1. Jusqu'au milieu des années '50 : Penguincubator et Book-o-mat

Le Penguincubator

Ce n'est que plus d'un siècle plus tard, en 1937 à Londres selon l'article, qu'est apparu le Penguincubator. Imaginé par le fondateur des éditions Pinguin, Allen Lane, cette machine proposait des ouvrages de littérature classique pour le prix d'un paquet de cigarettes.

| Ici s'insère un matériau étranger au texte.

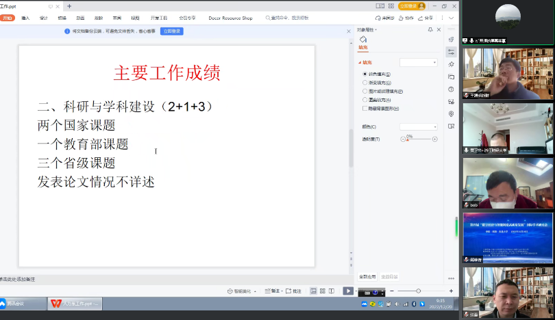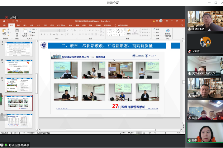 4位系主任和中美项目负责人分别就本系(项目)一年来取得的工作成果及各项考核指标完成情况进行了精彩的PPT线上演示汇报。由学院领导、系部教师、行政人员组成的学院考核小组认真听取了汇报,并进行了现场评价打分,得分按总分进行排序。

A l'époque, vendre de la littérature n'était déjà pas très bien vue et en France, l'arrivée du livre de poche quelques décennies plus tard sera l'enjeu d'un vaste débat de légitimité culturelle (lire ici l’étude que lui a consacré Bertrand Legendre et voir là un reportage au salon du livre de 1964) alors les vendre dans un distributeur automatique. On frôlait l'anarchie, une volonté délibérée de déstabiliser l'industrie du livre. Mais sur le site des édition Pinguin, on trouve cette anecdote concernant la création de la machine : 

De retour d'un week-end où il rendait visite à Agatha Christie dans le Devon, Allen Lane se retrouva dans la gare d'Exeter à la recherche d'une de ses boutiques pour y trouver de quoi lire sur le trajet du retour. Stupéfié par les titres proposés, il décida qu'une fiction contemporaine de bonne qualité devait être accessibles à un prix attractif, non seulement dans les librairies traditionnelles mais également sur les quais de gares, les vendeurs de tabacs ou les chaînes de magasins.

Apparemment, une machine fut ainsi installée près de la gare de Charing Cross à Londres, à la consternation des libraires locaux, mais il faut convenir qu'elle ne fut jamais distribuée à grande échelle et n'eut pas d'impact retentissant sur le marché. 

Le Book-O-Mat

Deux machine portent le nom de Book-o-mat : d'abord, en Juin 1947, la revue Popular Science évoque une nouvelle machine capable de proposer une cinquantaine de livres, vendus un quarter (25 cents). Tandis que deux ans plus tard, c'est la société Rock-Ola Manufacturing Corporation, connue pour ses bandits manchots et autres juke-box qui investit le marché.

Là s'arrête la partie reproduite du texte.